| Data records |
· · · ·
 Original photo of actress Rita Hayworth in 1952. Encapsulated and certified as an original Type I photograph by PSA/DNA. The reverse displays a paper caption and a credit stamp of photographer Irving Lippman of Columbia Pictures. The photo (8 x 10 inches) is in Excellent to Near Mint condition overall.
· · · ·
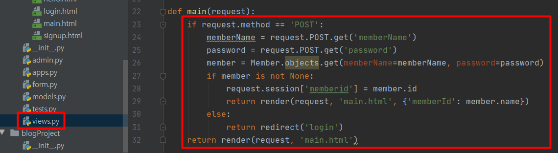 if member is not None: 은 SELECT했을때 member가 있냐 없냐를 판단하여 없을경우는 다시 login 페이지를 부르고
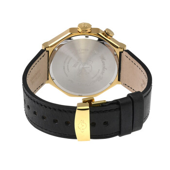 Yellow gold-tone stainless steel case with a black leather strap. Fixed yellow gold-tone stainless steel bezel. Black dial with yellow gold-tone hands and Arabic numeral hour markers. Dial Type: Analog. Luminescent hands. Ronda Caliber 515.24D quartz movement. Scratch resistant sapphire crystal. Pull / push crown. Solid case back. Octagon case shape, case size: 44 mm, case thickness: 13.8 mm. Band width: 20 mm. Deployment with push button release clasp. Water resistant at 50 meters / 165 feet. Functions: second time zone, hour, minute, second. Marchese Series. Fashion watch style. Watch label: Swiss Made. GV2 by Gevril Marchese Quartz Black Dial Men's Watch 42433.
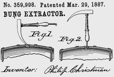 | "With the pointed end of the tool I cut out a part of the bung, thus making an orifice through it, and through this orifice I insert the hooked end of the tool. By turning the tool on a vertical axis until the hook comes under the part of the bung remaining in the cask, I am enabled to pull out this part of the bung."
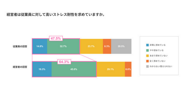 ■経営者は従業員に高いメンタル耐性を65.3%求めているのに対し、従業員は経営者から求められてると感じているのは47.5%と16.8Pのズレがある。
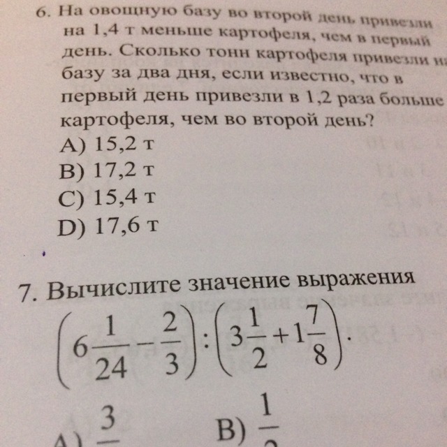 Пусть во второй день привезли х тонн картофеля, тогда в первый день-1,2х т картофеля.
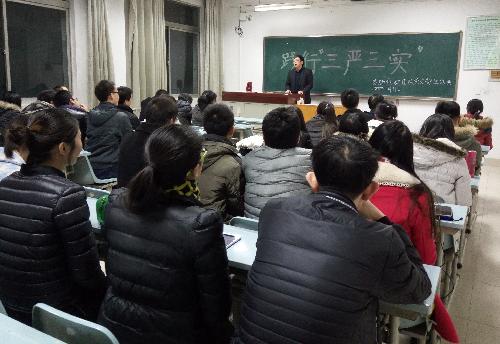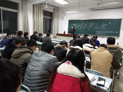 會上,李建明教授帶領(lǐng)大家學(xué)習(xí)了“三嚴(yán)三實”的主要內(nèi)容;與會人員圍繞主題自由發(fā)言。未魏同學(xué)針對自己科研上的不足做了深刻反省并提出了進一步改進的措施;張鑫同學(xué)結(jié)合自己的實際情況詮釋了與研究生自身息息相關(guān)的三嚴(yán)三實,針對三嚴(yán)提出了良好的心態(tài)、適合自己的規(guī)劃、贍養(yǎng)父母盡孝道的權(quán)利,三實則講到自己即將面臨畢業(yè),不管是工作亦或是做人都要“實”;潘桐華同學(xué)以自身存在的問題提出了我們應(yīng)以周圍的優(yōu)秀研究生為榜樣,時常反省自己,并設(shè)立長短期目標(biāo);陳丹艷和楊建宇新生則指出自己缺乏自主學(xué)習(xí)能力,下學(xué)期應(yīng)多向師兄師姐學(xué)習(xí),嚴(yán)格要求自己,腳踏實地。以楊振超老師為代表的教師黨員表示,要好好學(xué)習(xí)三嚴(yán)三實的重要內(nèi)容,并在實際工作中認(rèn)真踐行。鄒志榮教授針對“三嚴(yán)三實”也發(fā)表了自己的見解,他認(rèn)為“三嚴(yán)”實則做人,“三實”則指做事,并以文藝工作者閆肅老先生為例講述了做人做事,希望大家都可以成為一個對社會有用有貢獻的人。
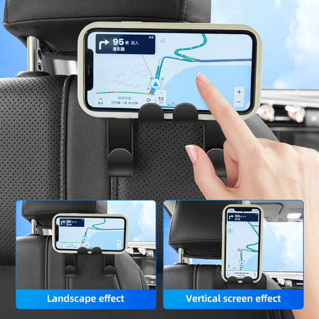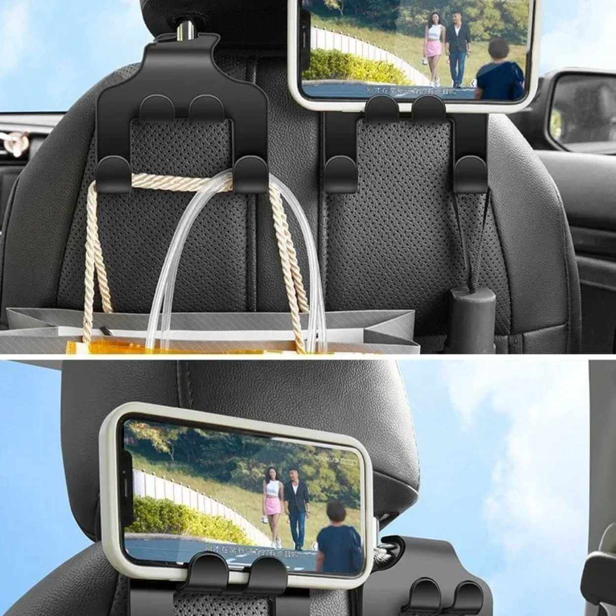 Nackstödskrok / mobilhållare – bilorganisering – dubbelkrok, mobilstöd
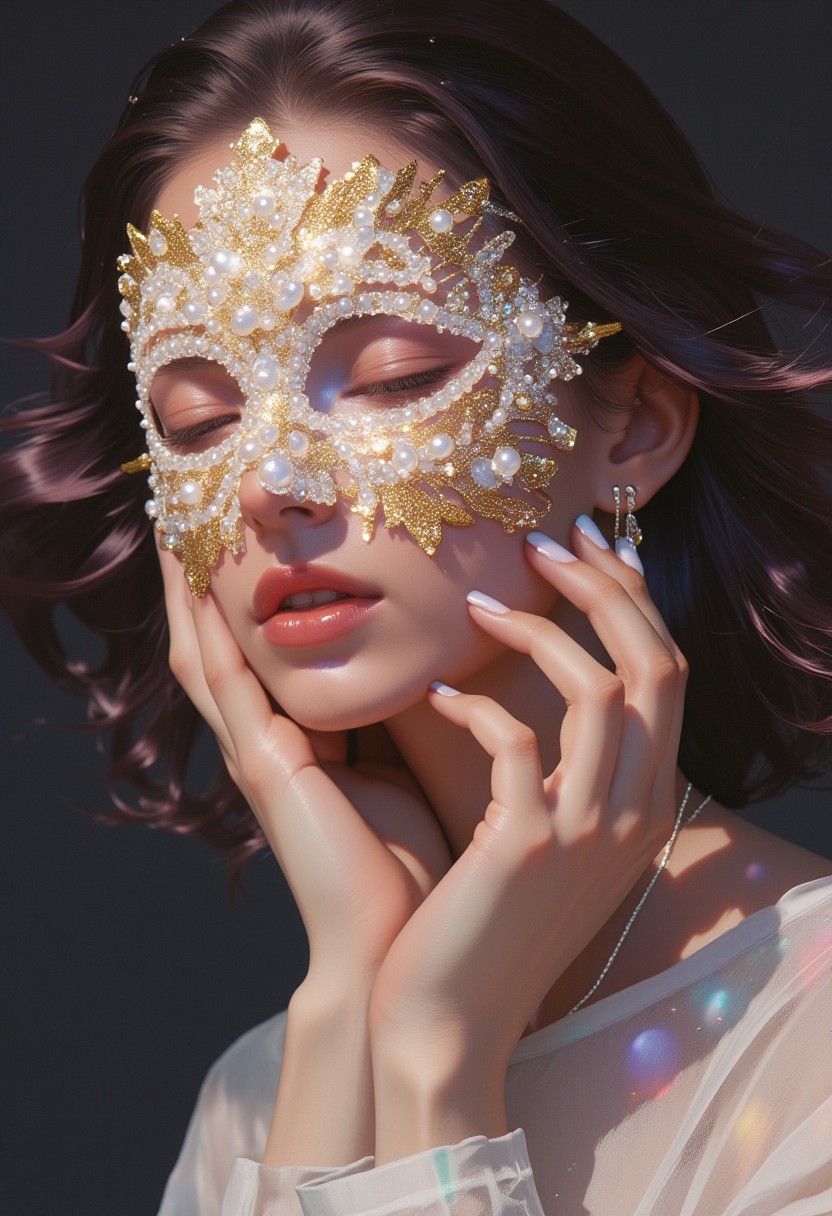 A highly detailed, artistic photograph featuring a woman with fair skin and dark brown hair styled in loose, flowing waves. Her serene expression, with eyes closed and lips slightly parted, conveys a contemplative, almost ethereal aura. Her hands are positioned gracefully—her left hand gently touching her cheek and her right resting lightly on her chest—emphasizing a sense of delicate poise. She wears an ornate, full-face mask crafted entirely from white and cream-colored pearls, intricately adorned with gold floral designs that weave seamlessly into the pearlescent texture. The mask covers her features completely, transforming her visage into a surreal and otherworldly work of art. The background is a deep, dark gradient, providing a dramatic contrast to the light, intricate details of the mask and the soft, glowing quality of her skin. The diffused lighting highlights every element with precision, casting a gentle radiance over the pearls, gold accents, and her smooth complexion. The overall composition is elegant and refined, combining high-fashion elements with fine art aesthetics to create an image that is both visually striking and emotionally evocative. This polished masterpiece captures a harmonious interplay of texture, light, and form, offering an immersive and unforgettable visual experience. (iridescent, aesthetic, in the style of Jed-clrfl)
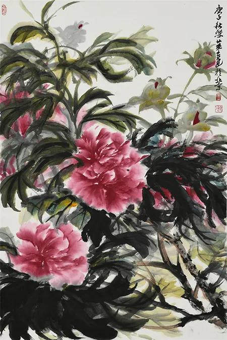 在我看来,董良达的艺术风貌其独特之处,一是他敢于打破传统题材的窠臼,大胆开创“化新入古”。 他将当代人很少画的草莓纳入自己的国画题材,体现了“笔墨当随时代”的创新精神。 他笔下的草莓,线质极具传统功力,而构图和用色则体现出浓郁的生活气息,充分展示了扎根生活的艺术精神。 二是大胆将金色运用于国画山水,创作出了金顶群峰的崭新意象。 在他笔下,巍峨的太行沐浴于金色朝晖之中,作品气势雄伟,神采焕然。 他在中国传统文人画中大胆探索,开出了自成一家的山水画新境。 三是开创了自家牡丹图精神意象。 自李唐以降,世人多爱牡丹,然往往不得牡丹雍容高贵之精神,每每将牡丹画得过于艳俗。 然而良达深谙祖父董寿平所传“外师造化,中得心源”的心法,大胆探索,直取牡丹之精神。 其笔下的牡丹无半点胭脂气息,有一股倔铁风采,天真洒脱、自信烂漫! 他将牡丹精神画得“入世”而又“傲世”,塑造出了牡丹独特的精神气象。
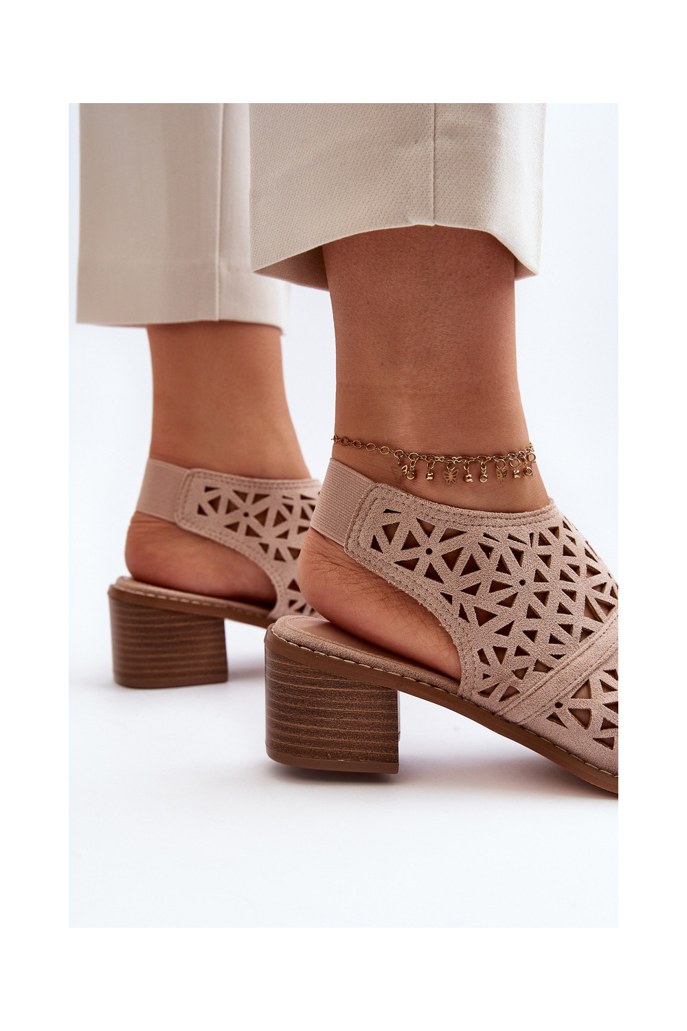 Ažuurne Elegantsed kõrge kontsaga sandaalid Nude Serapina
· · · ·
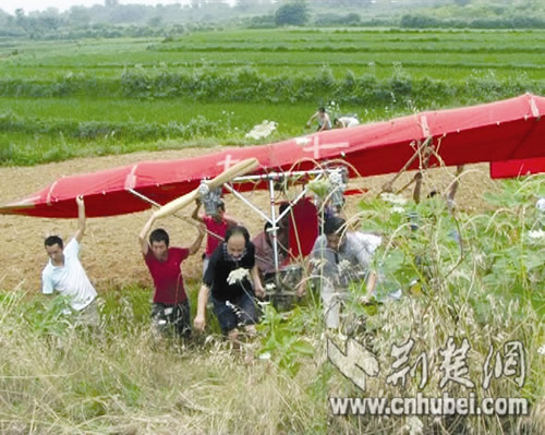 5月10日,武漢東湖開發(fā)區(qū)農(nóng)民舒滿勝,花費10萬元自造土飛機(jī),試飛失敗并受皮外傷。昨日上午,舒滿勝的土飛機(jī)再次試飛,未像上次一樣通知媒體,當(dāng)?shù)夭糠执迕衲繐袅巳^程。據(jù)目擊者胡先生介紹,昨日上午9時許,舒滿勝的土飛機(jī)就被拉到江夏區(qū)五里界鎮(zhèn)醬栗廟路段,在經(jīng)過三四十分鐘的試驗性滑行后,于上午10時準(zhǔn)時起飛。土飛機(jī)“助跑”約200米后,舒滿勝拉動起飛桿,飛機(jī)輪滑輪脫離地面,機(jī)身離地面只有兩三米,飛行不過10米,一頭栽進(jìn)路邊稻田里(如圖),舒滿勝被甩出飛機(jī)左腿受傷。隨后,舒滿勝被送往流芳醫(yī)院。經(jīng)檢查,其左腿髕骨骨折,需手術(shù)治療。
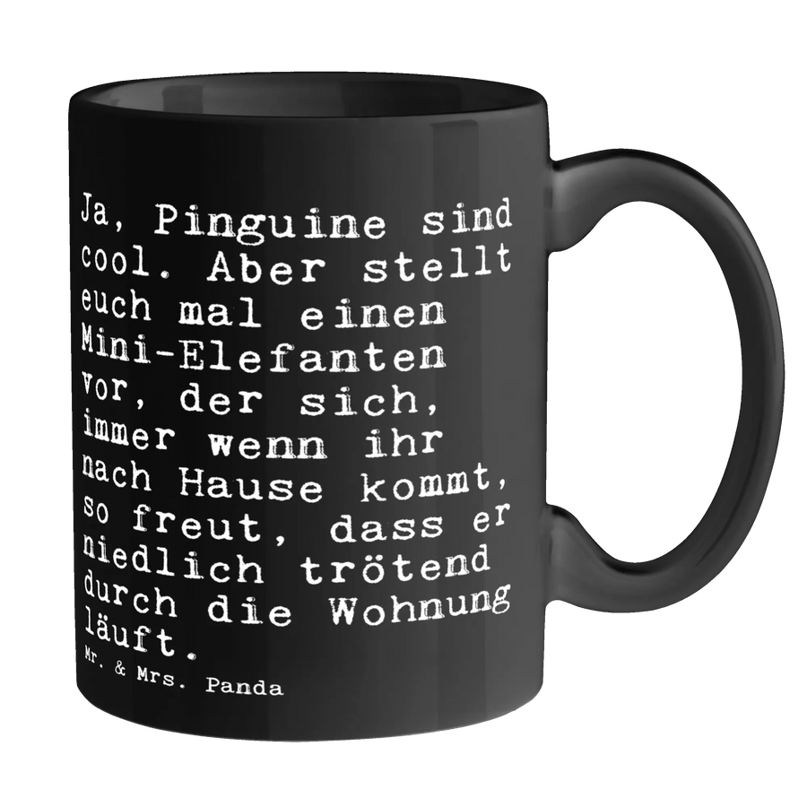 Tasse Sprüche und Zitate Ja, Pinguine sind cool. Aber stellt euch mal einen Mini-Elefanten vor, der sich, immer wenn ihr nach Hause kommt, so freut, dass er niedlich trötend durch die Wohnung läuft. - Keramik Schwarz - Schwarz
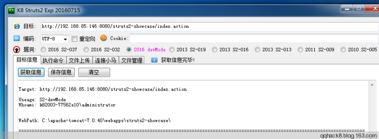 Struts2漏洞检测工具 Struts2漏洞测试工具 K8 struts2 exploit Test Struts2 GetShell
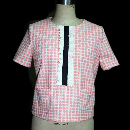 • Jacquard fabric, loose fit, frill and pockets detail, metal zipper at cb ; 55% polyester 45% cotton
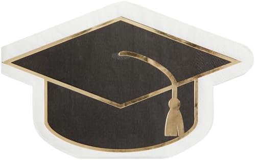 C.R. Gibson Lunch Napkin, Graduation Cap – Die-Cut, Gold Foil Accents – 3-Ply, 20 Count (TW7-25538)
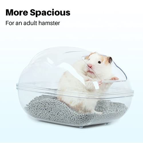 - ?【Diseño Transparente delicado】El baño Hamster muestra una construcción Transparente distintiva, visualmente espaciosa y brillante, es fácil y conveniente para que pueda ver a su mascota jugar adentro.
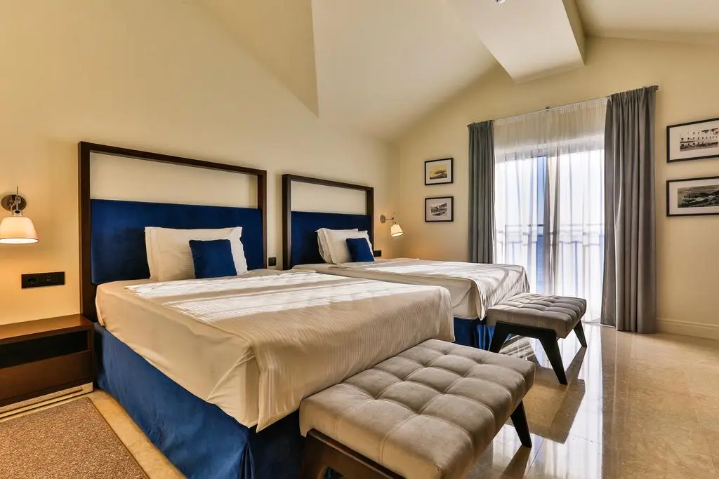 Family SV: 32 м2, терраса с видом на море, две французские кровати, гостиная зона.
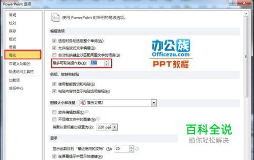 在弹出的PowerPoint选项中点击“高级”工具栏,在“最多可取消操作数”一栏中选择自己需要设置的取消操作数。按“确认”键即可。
· · · ·
| Exercise goal |
Could the stretch from the line with "- ?【Diseño Transparente" through the line with "在弹出的PowerPoint" in the listing above be restated word for word, minus the pictures?

| Answer |
 - ?【Diseño Transparente delicado】El baño Hamster muestra una construcción Transparente distintiva, visualmente espaciosa y brillante, es fácil y conveniente para que pueda ver a su mascota jugar adentro.
 Family SV: 32 м2, терраса с видом на море, две французские кровати, гостиная зона.
 在弹出的PowerPoint选项中点击“高级”工具栏,在“最多可取消操作数”一栏中选择自己需要设置的取消操作数。按“确认”键即可。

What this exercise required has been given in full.